Ulster’s emergence as a dominant force in the early 1990s after Dublin and Kerry dominated the 70s and much of the 80s, can at least partially be explained by the above factors of timing and neighbouring rivalries/successes. However, the evolving political situation in Ulster must also be considered. While Cavan appeared on the football roll of honour as early as 1933, it was 1960 before a second county, Down, claimed an All-Ireland title.

It might have been expected Down’s three titles in the 1960s would herald the awakening of Ulster, but these hopes were stunted by the outbreak of the Troubles in Northern Ireland. Thus, it was the 1990s before an Ulster era finally dawned with four All-Irelands returning to the province in 1991, 1992, 1993 and 1994 courtesy of Down (2), Donegal and Derry. This success spread to Armagh in 2002 with Tyrone following suit in 2003, 2005 and 2008.

This all begs the question – are we likely to see new counties arriving on either roll of honour in the future? Certainly the current hurling championship structure makes it unlikely.

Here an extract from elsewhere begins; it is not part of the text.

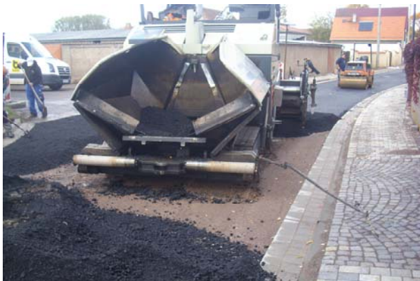
Asphalteinbau Bereich Einmündung Untertor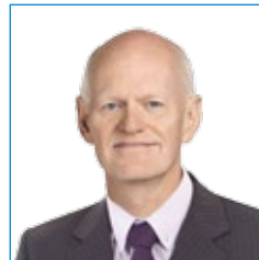
د. مارشال جولدسميث

Only Carlow and Westmeath among the All-Ireland contenders have yet to win a title and it is now 35 years since a new county has won.

Yet, Offaly in 1981 were the first new county to win a hurling title since Waterford in 1948, a gap of 33 years. The football championship structure is more open to the perfect combination of factors allowing a new team the room to succeed. In recent years Westmeath and Monaghan have been in contention and with Clare’s arrival in the final eight this year, there are at least three teams who have yet to win that are knocking on the proverbial door.

However none of these possibilities will alter the overall map of dominant counties in either code.

On Sunday Kilkenny will attempt to re-emphasise their position as kings of modern hurling – a crown they only wrested from Cork as recently as 2008.

Early decades

As the maps shows, Tipperary, Cork and Kilkenny have contested the coveted top of the hurling roll of honour since the early decades of the 20th century.

All three were equal on 11 titles in 1935, and while Cork managed to stay in the lead Kilkenny and Tipperary shared joint second in 1947, 1982, 1989 and 1992.

The 1993 All-Ireland title saw Kilkenny move ahead of Tipperary and they have consolidated their dominance in recent years. A win for Tipperary on Sunday will not change the league table, but it will close the gap among the top three once more.